Summary
Reviewing the current marketplace for commercial property in the Greater Denver region is a tale of two sectors. The data for each of the two primary segments, industrial and office, matches the narrative we’re all familiar with regarding the relative impact of the COVID pandemic on these two market segments and the status of the financial recovery in each.
On one hand, the manufacture and distribution of consumer goods didn’t let up in 2020 or YTD 2021, and these facilities today are continuing to try to catch up with pent-up demand. Significant increases in industrial real estate inventory and square feet under construction, though, have helped limit the increases in rent and sales prices. Without this infusion of new space, those numbers would likely be even higher.
In contrast, many companies closed their offices or dramatically reduced employee office presence 2020 and 2021 – a situation that will continue for the near future and possibly longer. This is no doubt adding to the softening trends in office real estate rent growth and vacancy rates. In the next six months, companies will be making some hard decisions about bringing employees back to the office that could affect this market in 2022 and 2023.
Industrial Sector
The industrial sector real estate market remained relatively strong throughout the last 18 months, thanks in large part to the distribution sub-sector.
This slower but sure growth is reflected in the 3.3% rent increase observed over the last 12 months, back up to Q2 of 2020 levels, but well below the 5-6% range we saw in the prior seven years – and which we’ll likely see again shortly.

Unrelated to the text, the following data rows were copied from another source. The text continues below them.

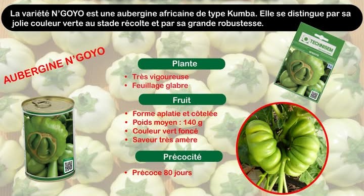 La variété N’GOYO est une aubergine Africaine de type Kumba. Elle se distingue par sa jolie couleur verte au stade récolte et par sa grande robustesse.
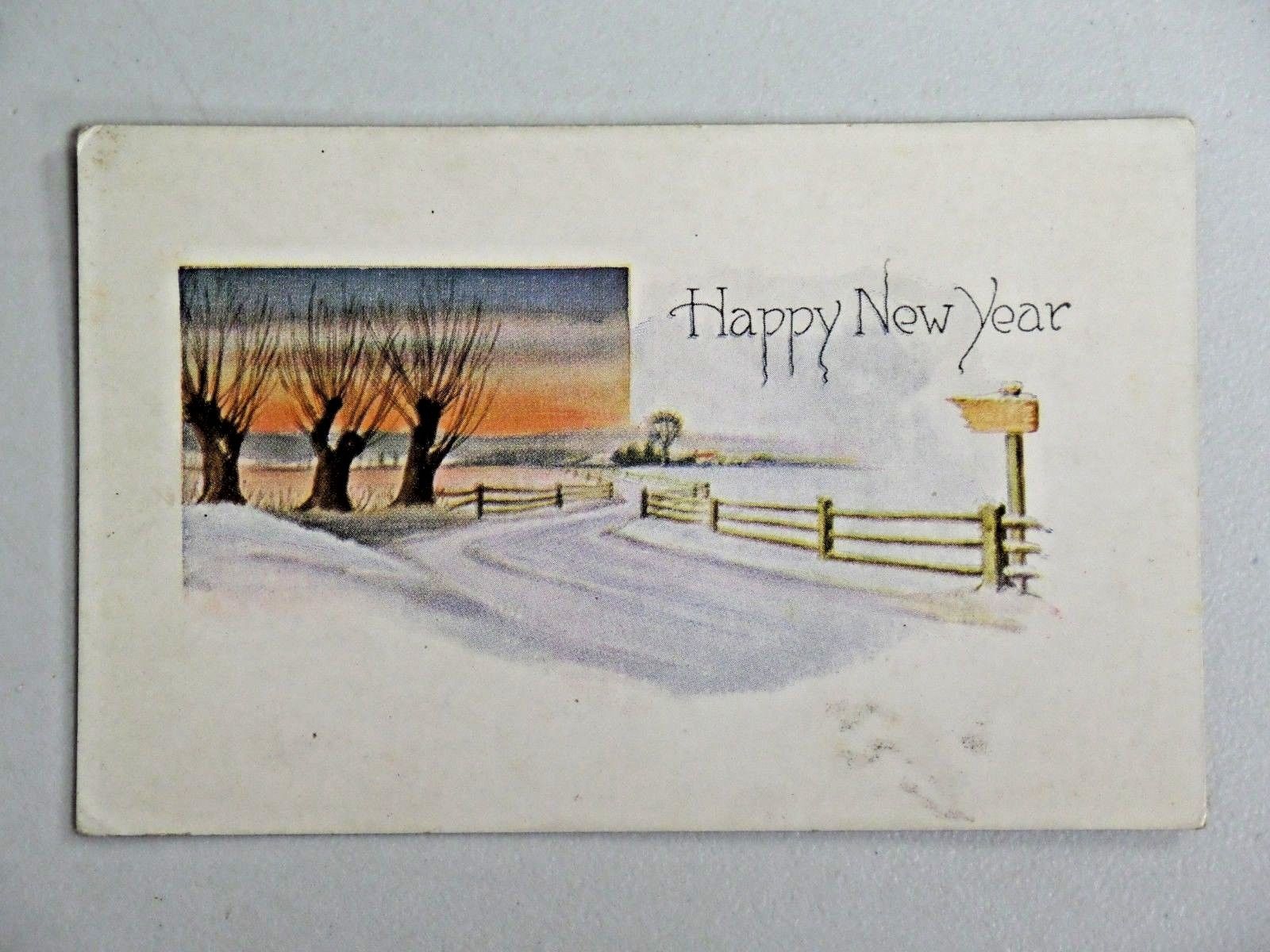 Vtg. The Pink of Perfection Postcard Happy New Year Winter Scene Unposted 3005
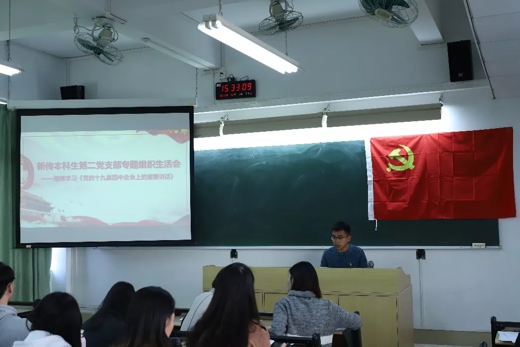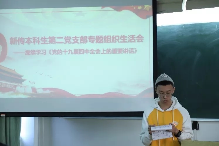 在学生党员李昕洋的主持下,第二党支部书记谭丰云与党支部成员们集体观看、学习了“中央宣讲团宣讲四中全会精神”的焦点访谈视频。
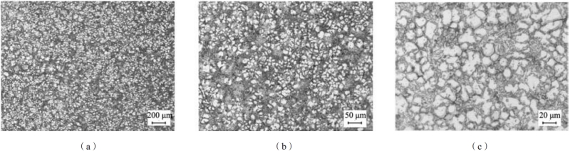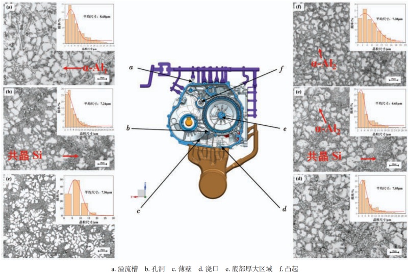 圖9 厚大區(qū)域金相圖 2.5 鑄件組織性能分析 在鋁合金殼體的鑄造過程中,不同結構處由于壁厚不同,凝固順序與冷卻過程也存在著差異,因此選取并觀察了鑄件出現(xiàn)缺陷風險較高、冷卻時間不同的六個特征位置(a溢流槽、b孔洞、c薄壁、d澆口、e厚大區(qū)域和f凸起),如圖10所示。殼體組織主要以α-Al與共晶Si為主,各區(qū)域都是等軸晶,其中共晶Si分布在α-Al周圍。初生α-Al相在圖中表現(xiàn)為兩種形式,分別為凝固過程中冷卻速率較低所形成較大的α-Al?,與冷卻速率較高所形成的較小的α-Al?。根據(jù)晶粒尺寸分布圖可以看到,溢流槽處,如圖10(a)所示,平均晶粒尺寸最大,且存在著較多尺寸較大的α-Al?相。底部厚大區(qū)域,如圖10(e)所示,平均晶粒尺寸最小,為較小的α-Al?相。其余孔洞、薄壁、澆口以及凸起區(qū)域晶粒尺寸相差不大,且多為尺寸較小的α-Al?相。

The other data that jumps out here is the $153 sale price per sq. ft., an all-time high after a relatively large jump this quarter. It’s now at a level where we expect it to remain for the next 12 months. It will begin to creep up further after that as the recent expansion in surplus inventory is absorbed by industrial tenants and owner-occupants.
Office Sector
The office building investment market may take several years to recover from the COVID pandemic. Tenants will be at an advantage when negotiating economic terms for a new lease or office lease renewal.
Annual rental rates are down 1% as of this quarter. CoStar’s analysts predict these will remain in the red, at that level and lower, until breaking through into positive territory in Q1 of 2023. Rents won’t reach 2019 Q4 levels ($20.46/sq. ft.) until Q4 of 2024 by our calculations. In the face of this uncertainty, market cap rates will likely remain steady at 7.1%.
Another trend we’re watching closely is the office vacancy rate. This crept into double-digit territory in Q1 of 2020 and continued to rise slowly but steadily in the past year. Now standing at 14.3% across Denver-metro, the vacancy rate is expected to continue to climb and top out at around 17.5% in 2024.